# AIM OF THE EXERCISE
Write the records out again exactly as they read, dropping any picture they hold.

# MATERIAL SUPPLIED

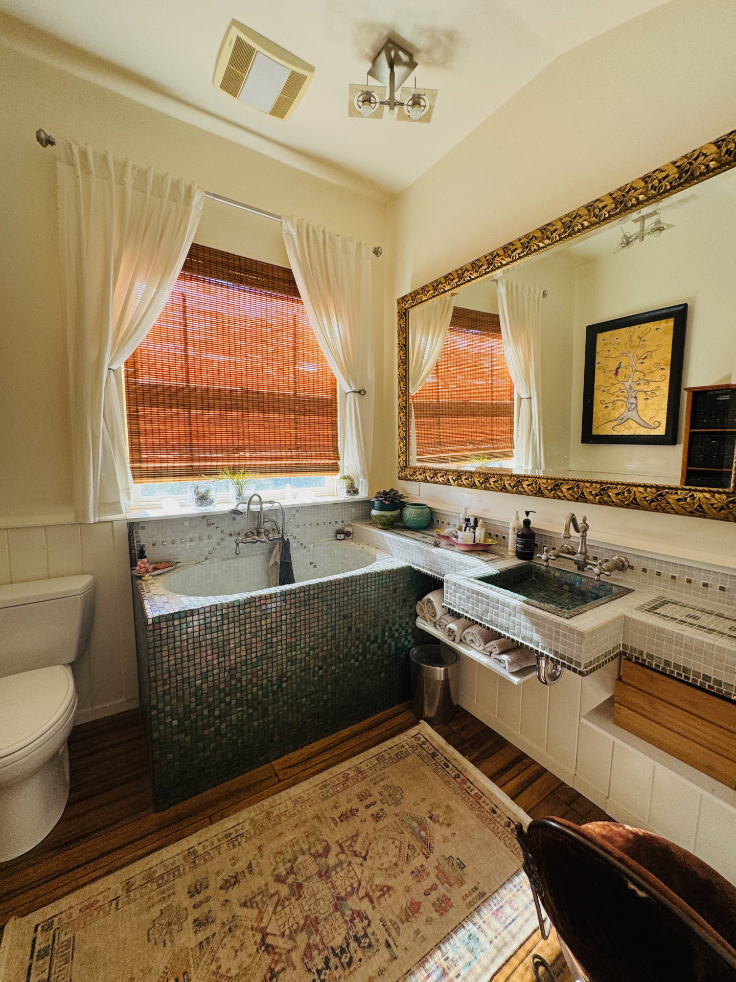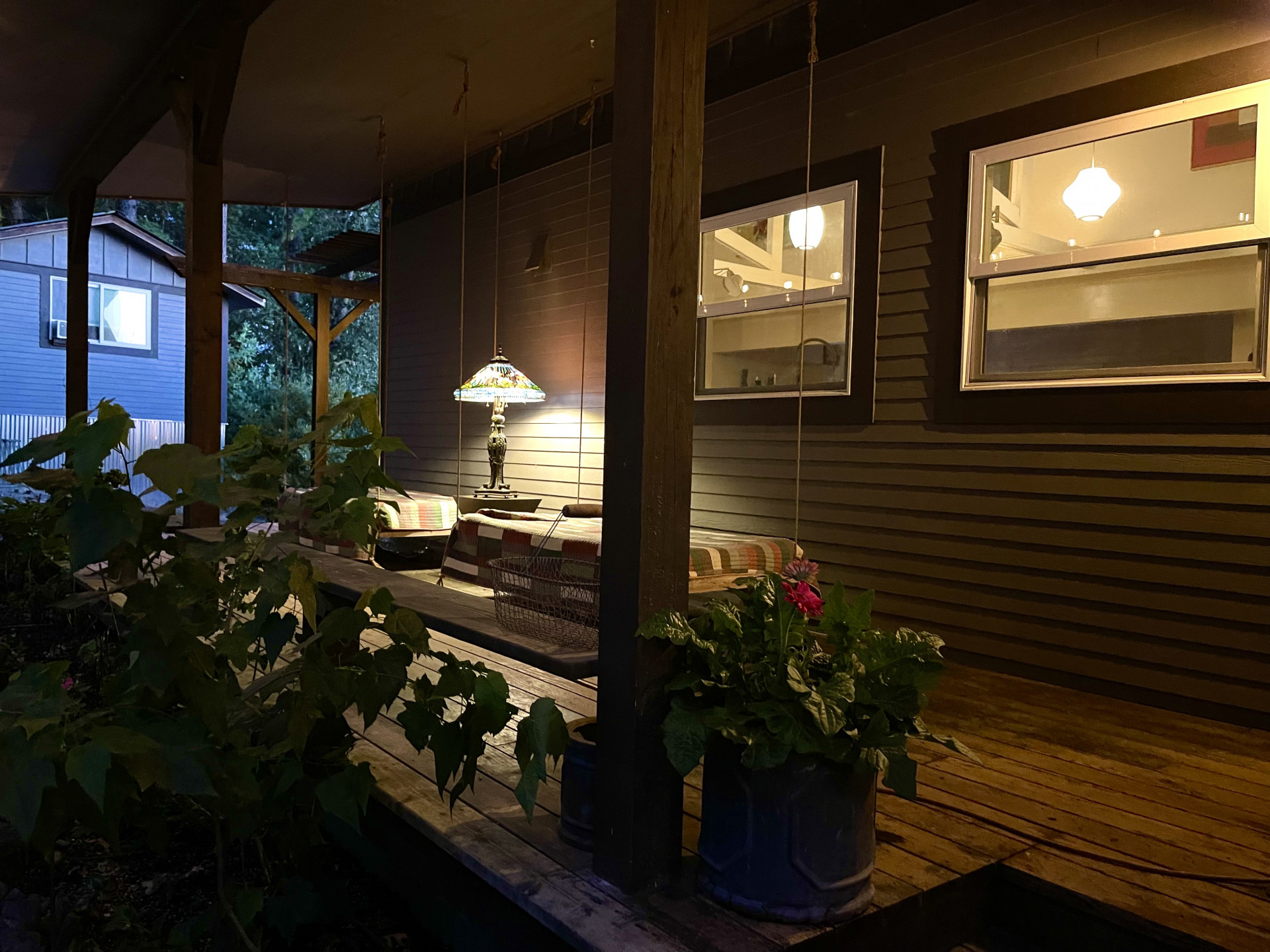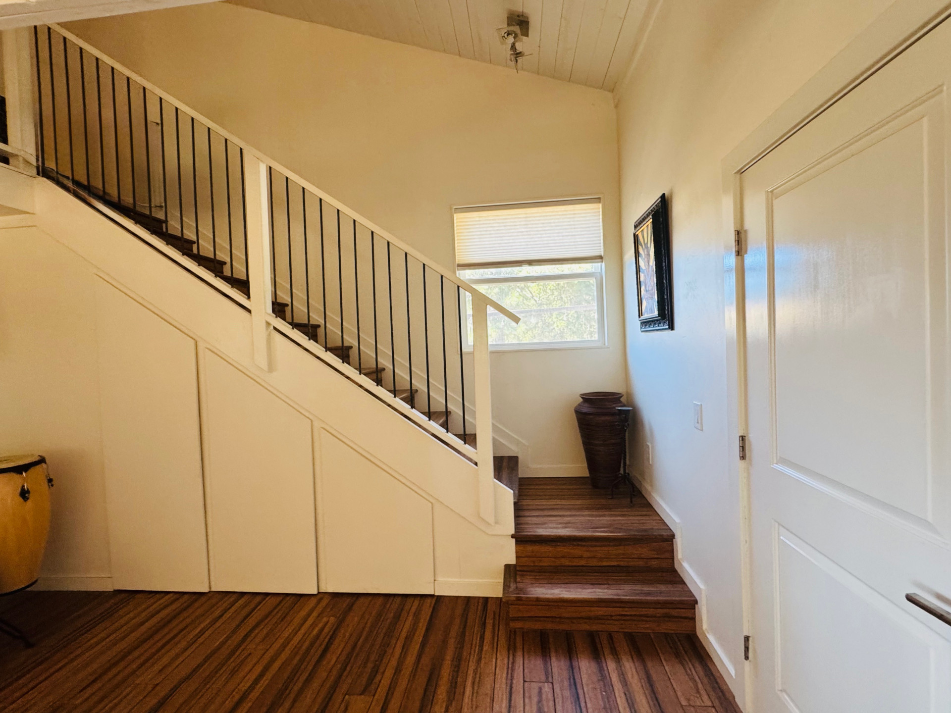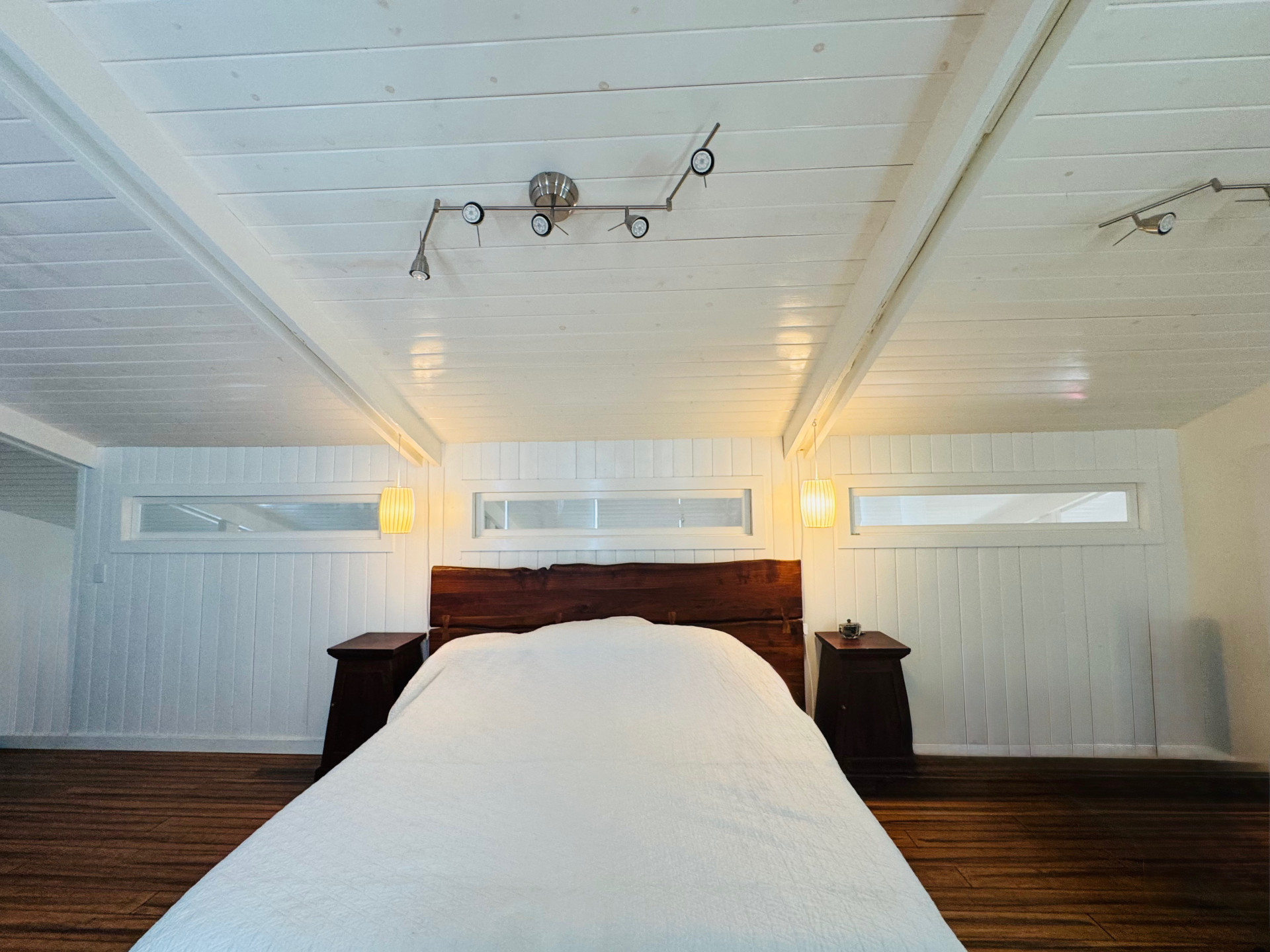 Perched on a ridge with sweeping valley views, this two-bedroom, two-bath cabin is designed for true self-sufficiency. Powered by a full solar system with backup propane generator, supplemented by woodstove heat and an energy-efficient appliance package, the home offers complete off-grid independence without sacrificing comfort. The great room features vaulted open-beam ceilings, floor-to-ceiling windows, and seamless flow between kitchen, dining, and living areas. A wraparound redwood deck frames the panoramic views. The kitchen includes a Viking range, stainless steel appliances, and quartz counters. Bathrooms feature custom tile, with the primary suite upstairs offering a Japanese soaking tub. Bamboo flooring throughout.
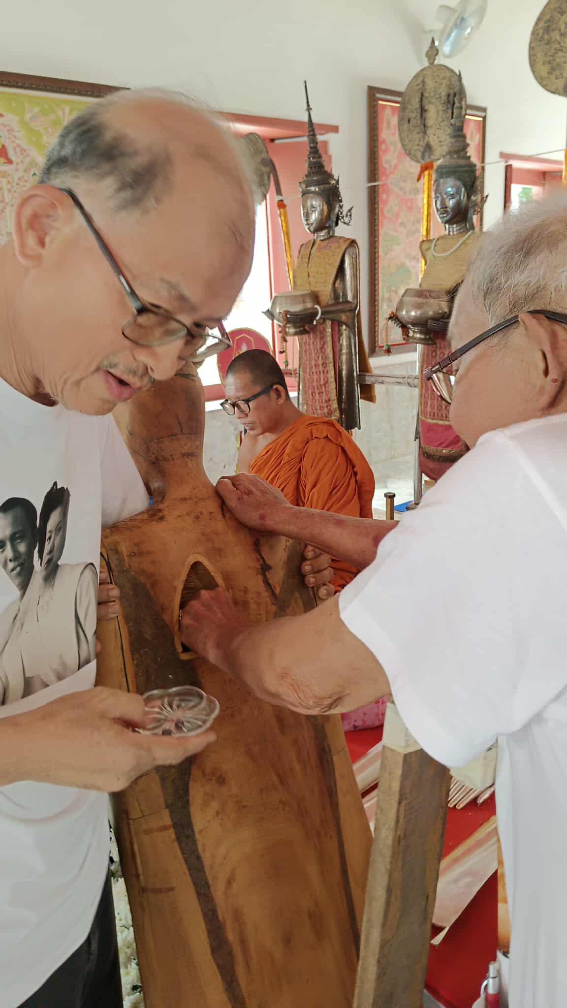 แล้วปิดด้วยแผ่นเงิน มีจารึกด้านนอกแล้วตอกหมุดไว้ด้วยครับ
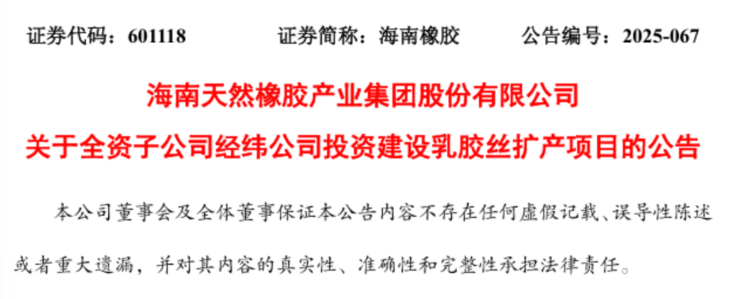 【炭黑產(chǎn)業(yè)網(wǎng)】11 月 5 日消息,海南橡膠產(chǎn)業(yè)集團股份有限公司(證券代碼:601118,簡稱 “海南橡膠”)于 10 月 31 日發(fā)布公告,宣布其全資子公司海南經(jīng)緯乳膠絲有限責任公司(簡稱 “經(jīng)緯公司”)計劃投資 1.35 億元,啟動年產(chǎn) 3 萬噸高品質(zhì)乳膠絲項目(第一期)的建設。該項目投產(chǎn)后,經(jīng)緯公司乳膠絲年產(chǎn)能將新增 1.5 萬噸,其在行業(yè)內(nèi)的龍頭地位將得到進一步鞏固。
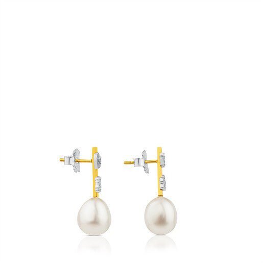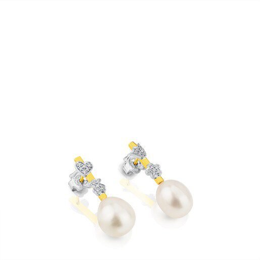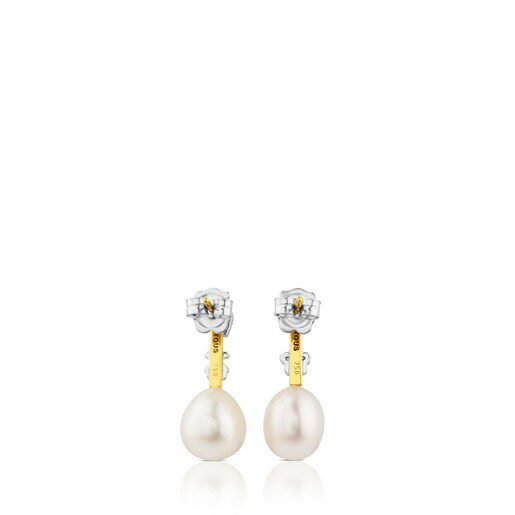 TOUS Gold Puppies earrings in 18kt white and yellow gold, cultured freshwater pearls and diamonds. Total weight 0.12ct.
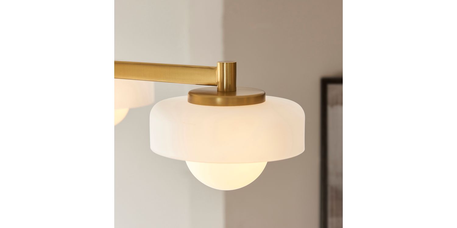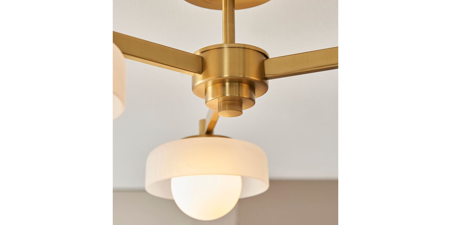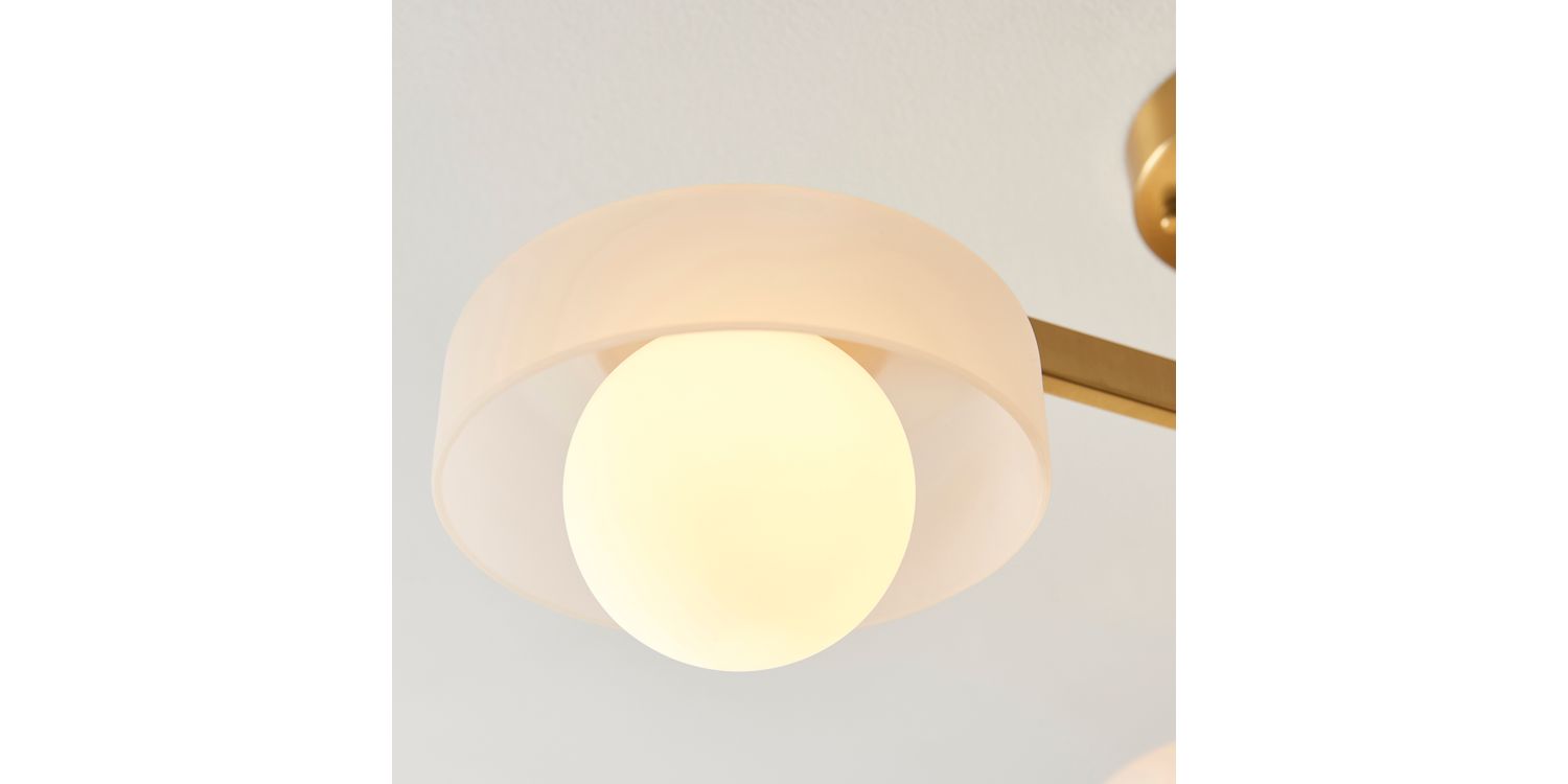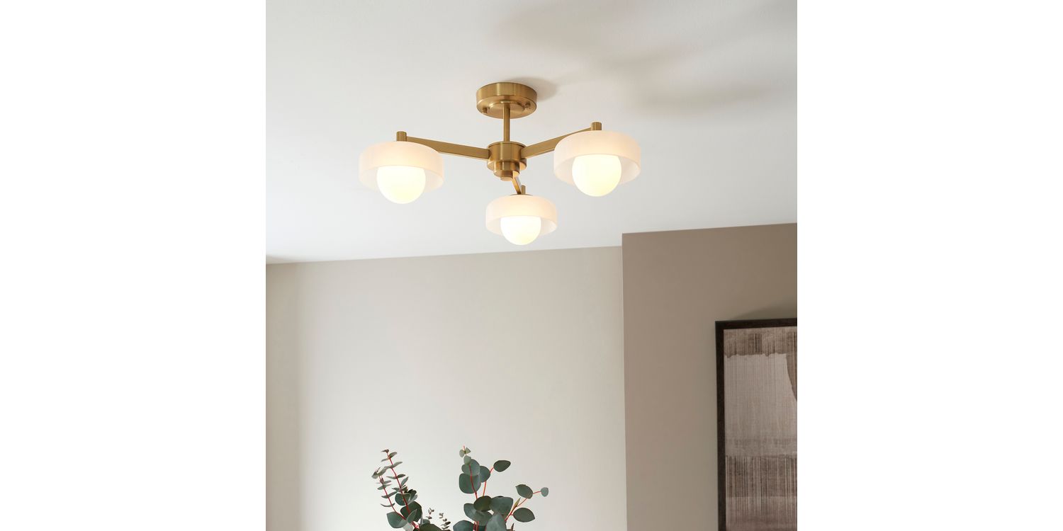 With a refined mid-century aesthetic, this 3-light semi-flush ceiling light features frosted outer glass shades enveloping opal glass spheres for a beautifully diffused glow. The brushed aged brass metal frame adds warmth and sophistication, while the clean lines and geometric form offer a sleek, modern profile. Perfect for living rooms, dining areas, or hallways, it delivers statement-making style with soft, ambient lighting.

# RESULT OF THIS TASK
 Perched on a ridge with sweeping valley views, this two-bedroom, two-bath cabin is designed for true self-sufficiency. Powered by a full solar system with backup propane generator, supplemented by woodstove heat and an energy-efficient appliance package, the home offers complete off-grid independence without sacrificing comfort. The great room features vaulted open-beam ceilings, floor-to-ceiling windows, and seamless flow between kitchen, dining, and living areas. A wraparound redwood deck frames the panoramic views. The kitchen includes a Viking range, stainless steel appliances, and quartz counters. Bathrooms feature custom tile, with the primary suite upstairs offering a Japanese soaking tub. Bamboo flooring throughout.
 แล้วปิดด้วยแผ่นเงิน มีจารึกด้านนอกแล้วตอกหมุดไว้ด้วยครับ
 【炭黑產(chǎn)業(yè)網(wǎng)】11 月 5 日消息,海南橡膠產(chǎn)業(yè)集團股份有限公司(證券代碼:601118,簡稱 “海南橡膠”)于 10 月 31 日發(fā)布公告,宣布其全資子公司海南經(jīng)緯乳膠絲有限責任公司(簡稱 “經(jīng)緯公司”)計劃投資 1.35 億元,啟動年產(chǎn) 3 萬噸高品質(zhì)乳膠絲項目(第一期)的建設。該項目投產(chǎn)后,經(jīng)緯公司乳膠絲年產(chǎn)能將新增 1.5 萬噸,其在行業(yè)內(nèi)的龍頭地位將得到進一步鞏固。
 TOUS Gold Puppies earrings in 18kt white and yellow gold, cultured freshwater pearls and diamonds. Total weight 0.12ct.
 With a refined mid-century aesthetic, this 3-light semi-flush ceiling light features frosted outer glass shades enveloping opal glass spheres for a beautifully diffused glow. The brushed aged brass metal frame adds warmth and sophistication, while the clean lines and geometric form offer a sleek, modern profile. Perfect for living rooms, dining areas, or hallways, it delivers statement-making style with soft, ambient lighting.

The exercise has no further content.